Pesticides sprayed in or around the garden affect not only the pests you’re trying to control but also any beneficial insects such as bees (pollinators), ladybugs (pest predators), or spiders (pest predators). Neonicotinoids are especially harmful to bees even at low levels. They may not kill them directly, but it affects their ability to forage and navigate their way home.
Herbicides sprayed in or around the garden affect pollinators such as bees by removing important floral resources and can influence their reproduction as well as navigation.
How will we ever grow beautifully productive gardens without these chemical crutches? Just the way our grandparents and great-grandparents did before all these chemicals were introduced back in the 1940s.
On our little farm, we’ve been producing our own compost for several years now. We started by collecting the valuable “brown” gold from our small layer flock. Of course, that has grown over time and now we’re collecting from our turkey and duck flocks as well. We’ve found that if you bed down their roosting areas with wood chips, you can collect all you need to start making your own compost.
Poultry droppings are considered “hot” and must be composted further to keep them from burning your plants. Horse manure is also considered “hot”, but manure from rabbits, goats, and cows can be used directly in the garden. We also have a worm bin that we collect castings from and make a compost tea to feed our plants and soil.
We haven’t sprayed a chemical pesticide on our farm in 6 years. When we became bee stewards, it changed the way we thought about gardening and growing things on the farm, and we didn’t want to do anything that would harm the bees. They have rewarded us with an abundance of fruits and vegetables and share their sweet liquid gold with us from time to time.
The best ways we’ve found to battle vine borers, squash bugs, stink bugs, armyworms, cutworms, hornworms, white flies, and aphids are using physical deterrents such as covers or picking them off manually. We also get to know the pest's life cycle and plant or harvest during low reproduction times.
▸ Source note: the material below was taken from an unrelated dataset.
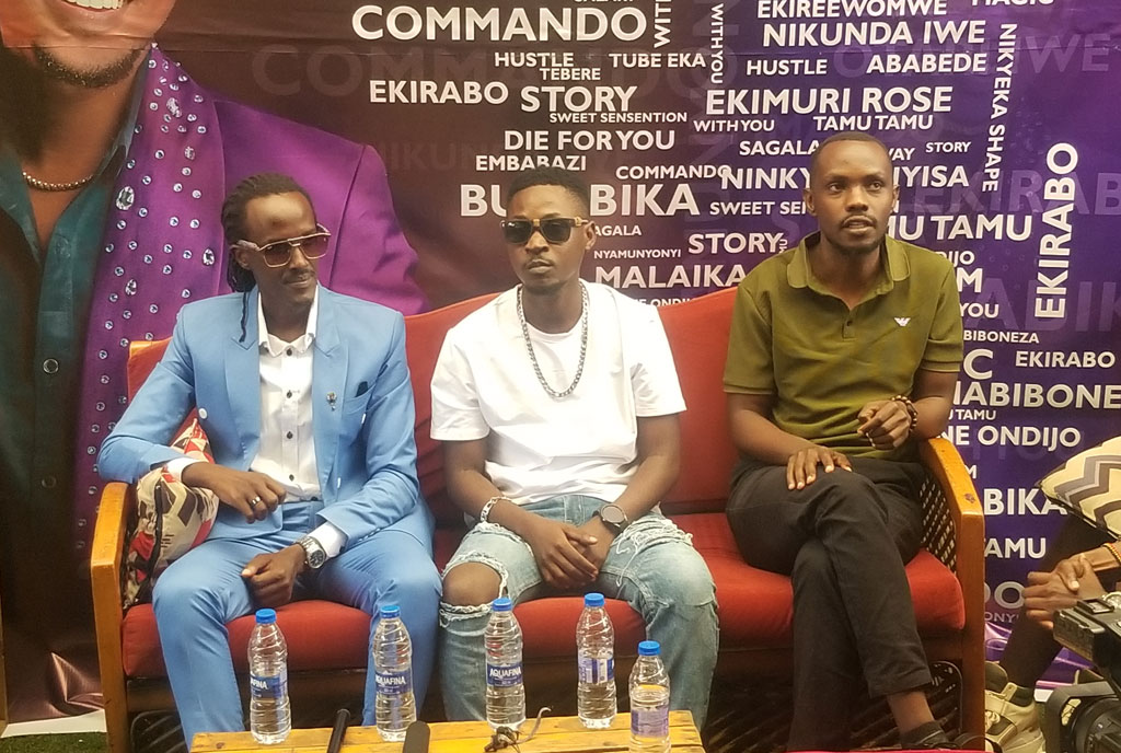 Skylanta (L), T Paul (C), Bruno Beats (R) during the press conference where they announced the Paul Live In Concert in Mbarara. PHOTO BY JULIUS BYAMUKAMA
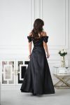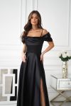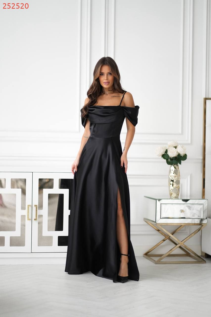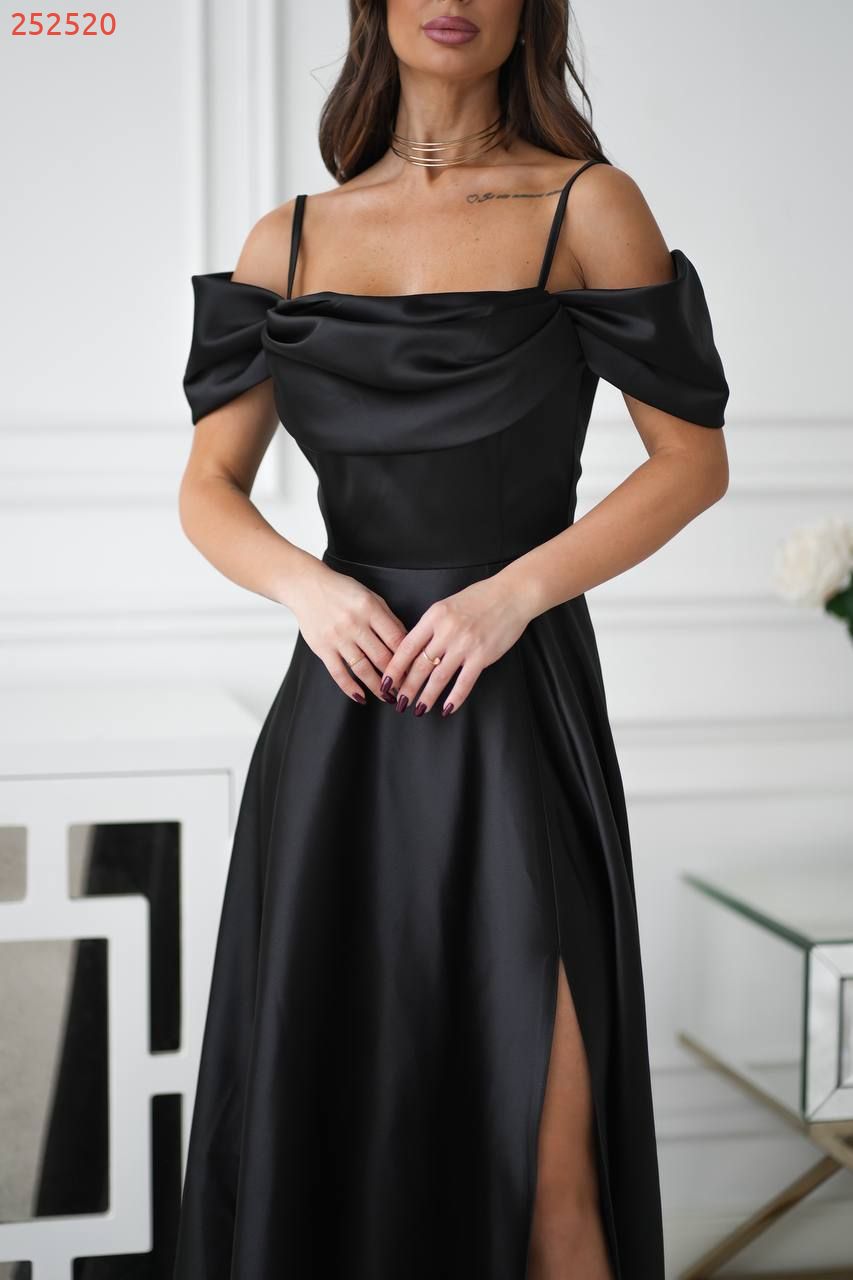 Атласна сукня зі спущеними рукавамина брителях, озлобленна драпіруванням у зоні декольте, що надає образу витонченості та жіночності. Сукня ідеально підходить для особливих випадків, таких як весілля, вечірки або фотосесії.

We’ve also tried many organic insecticides and insecticidal soaps with mixed results, but when all else fails, we plant enough for us and them.
As for avoiding herbicides, we manually pull any unwanted plants or chop them down. We also employ tarping to manage larger areas or to start new garden spots.
This year, I challenge all my gardening friends to ask not what your garden can give to you, but what can you give to your garden. Let us not forget, “He causeth the grass to grow for the cattle, and herb for the service of man: that he may bring forth food out of the earth” Psalm 104:14. This perfectly sums up the relationship of everything on our farm.